Младший брат
Шрифт:
— Слушайте, Берт, давно порываюсь вас спросить — как там Костя? Что-то главное в письмах пропадает, вы же знаете. Как он себя чувствует? Чем дышит? Какие это ящики он таскает по вторникам и пятницам?
— Эмигрантский хлеб не из легких, — вдумчиво начал профессор, пытаясь понять путающегося в собственных мыслях собеседника.— Работает он в винном магазине... переводов пока делает немного... но я уверен, что у него все уладится.

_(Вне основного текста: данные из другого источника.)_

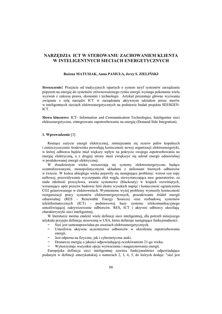 NARZĘDZIA ICT W STEROWANIU ZACHOWANIEM KLIENTA W INTELIGENTNYCH SIECIACH ENERGETYCZNYCH BoŜena MATUSIAK, Anna PAMUŁA, Jerzy S. ZIELIŃSKI Streszczenie: Przejście od tradycyjnych opartych o system taryf systemów zarządzania popytem na energię do systemów zrównowaŜonego rynku energii wymaga pokonania wielu wyzwań z zakresu prawa, ekonomii i technologii. Artykuł prezentuje główne wyzwania związane z rolą narzędzi ICT w zarządzaniu aktywnym udziałem prosu merów w inteligentnych sieciach elektroenergetycznych na podstawie badań projektu SEESGENICT. Słowa kluczowe: ICT- Information and Communication Technologies, Inteligentne sieci elektoenergetyczne, zintegrowane zapotrzebowanie na energię (Demand Side Integration). 1. Wprowadzenie [3] Rosnące zuŜycie energii elektrycznej, zmniejszanie się rezerw paliw kopalnych i zanieczyszczenie środowiska powodują konieczność nowej organizacji elektroenergetyki, w której odbiorca będzie miał większy wpływ na pokrycie swojego zapotrzebowania na energię elektryczną, a z drugiej strony musi zwiększyć się udział energii odnawialnej w produkowanej energii elektrycznej. W dwudziestym wieku rozszerzają się systemy elektroenergetyczne będące scentralizowanymi, monopolistycznymi układami z milionami biernych odbiorców w świecie. W końcu ubiegłego wieku pojawiły się następujące problemy: wzrost cen ropy naftowej, przewidywanie wyczerpania złóŜ węgla, niewystarczająca moc generatorów, za mała zdolność przesyłowa, awarie systemowe (blackouty) w krajach rozwiniętych, wzrastający opór przeciw budowie linii ekstra wysokich napięć i konieczność ograniczenia CO2 generowanego w elektrowniach. Wymienione wyŜej problemy wymusiły konieczność reorganizacji pracy systemów elektorenergetycznych, poszukiwanie źródeł energii odnawialnej (RES - Renewable Energy Sources) oraz rozbudowę systemów teleinformatycznych (ICT) - podstawowej bazy systemu telekomunikacyjnego umoŜliwiającej zaktywizowanie odbiorców. RES, ICT i aktywni odbiorcy określają charakterystyki sieci inteligentnej. W literaturze moŜna znaleźć wiele definicji sieci inteligentnej, dla potrzeb niniejszego artykułu przyjęto definicję stosowaną w USA, która definiuje następujące funkcjonalności: − Sieć jest samonaprawialna po awariach elektroenergetycznych. − UmoŜliwia aktywne uczestnictwo odbiorców w określeniu zapotrzebowania energii. − Jest odporna na fizyczne, jak i cybernetyczne ataki. − Dostarcza energię o jakości odpowiadającej oczekiwaniom 21-go wieku. − Wykorzystuje wszystkie opcje wytwarzania i magazynowania energii. Europejska definicja sieci inteligentnej zawiera funkcjonalności odpowiadające podanym w definicji amerykańskiej o numerach 2, 3, 4, 5, do których dodaje: "sieć jest 88 ekonomiczna zapewniając najlepsze wskaźniki dzięki innowacjom, jest efektywnie zarządzana i stwarza równe szanse dla rozwoju konkurencji oraz zapewnia zdalne sterowanie. PowyŜsze definicje eksponują rolę źródeł energii odnawialnej w tworzeniu sieci inteligentnej, zatem w dalszych rozwaŜaniach poświęcimy im więcej uwagi." Wzrastający udział źródeł odnawialnych w systemie elektroenergetycznym w Polsce świadczy o dynamicznym rozwoju tego rynku; według raportu Polskiej Agencji Informacji i Inwestycji Zagranicznych moc obecnie zainstalowanych elektrowni wiatrowych w Polsce wynosi 1096 MW bez uwzględniania budowanej w Margoninie farmy o mocy 240 MW. Przyrost mocy farm wiatrowych w Polsce w trzech pierwszych kwartach 2010 roku w porównaniu z 2009 r. wyniósł 51 proc. Raport przewiduje 75 proc. wzrost w całym roku [9]. Kształtowanie rynku energii z generacją rozproszoną (w tym energii odnawialnej) jest procesem złoŜonym i napotyka szereg róŜnego rodzaju barier: formalno prawnych i finansowych, organizacyjnych, technologicznych i strukturalnych[1]. Tematyka zarządzania inteligentnymi sieciami elektroenergetycznymi jest przedmiotem wielu badań i projektów zarówno krajowych jak europejskich. Jednym z takich projektów jest europejski projekt SEESGEN–ICT (Supporting Energy Efficiency in Smart GENeration grids through ICT) 2009-2010 [4]. W obecnym systemie rola odbiorcy energii jest niewielka. Ogranicza się ona do zawarcia umowy na pobór energii o określonej mocy w określonych taryfach, wykorzystania energii oraz opłacenia rachunków. ZałoŜeniem systemu inteligentnych sieci jest aktywny udział odbiorców końcowych systemu elektroenergetycznego w grze rynkowej oraz moŜliwość kontrolowanej indywidualnej generacji i magazynowania energii. Rola takiego klienta zmienia się na czynne uczestnictwo polegające zarówno na zuŜywaniu jak i wywarzaniu energii. Przyjęty w systemie sieci inteligentnych aktywny udział odbiorców końcowych – prosumerów - wymaga od nich zmiany dotychczasowych zachowań poprzez: − Aktywne zarządzanie zuŜyciem energii: redukowanie konsumpcji, wpływanie na profil zuŜycia energii poprzez sterowanie urządzeniami o znacznym poborze mocy jak np. urządzenia grzewcze, klimatyzatory, pralki itp. − Dostarczanie do systemu energii ze źródeł odnawialnych (fotowoltaicznych, farm wiatrowych, małych elektrowni wodnych, kogeneracji) lub magazynowanie tej energii (dzięki samochodom elektrycznym, bateriom). Inteligentne zachowania prosumerów mają znaczny wpływ na zarządzanie całą siecią elektroenergetyczną i mogą być wykorzystane jako element zwiększający jej efektywność, podnoszący jakość, obniŜający koszty oraz integrujący rozproszone źródeł energii. Wszystkie działania związane z aktywnym zachowaniem prosumerów określone są nazwą Zintegrowanego Zapotrzebowanie na Energię (Demand Side Integration - DSI). Świadczenie usług energetycznych w sieciach inteligentnych jest ściśle związane z wykorzystaniem środków ICT. Jedynie za pomocą narzędzi ICT moŜliwe jest zarządzanie złoŜonym systemem elektroenergetycznym o wielorak

Исключительно энергичный, хотя и озлобленный молодой человек. Рано или поздно из него непременно выйдет настоящий американец.
— А он, ничтоже сумняшеся, уже здесь считал себя настоящим американцем. — Марк улыбнулся не без горечи. —
Поблескивая стеклами очков, профессор Уайтфилд обстоятельно пояснил, что природные американцы любят родину по-хозяйски, воспитаны в традициях терпимости к чужому мнению, с молоком матери всосали понимание основ демократии, которое, «вы только не обижайтесь, Марк, приобретается не так легко, если впервые сталкиваешься со свободным обществом в зрелом возрасте». Чувствовалось, что заокеанские филиппики Розенкранца по поводу западных левых мало в чем уступали московским, только симпатии встречали поменьше.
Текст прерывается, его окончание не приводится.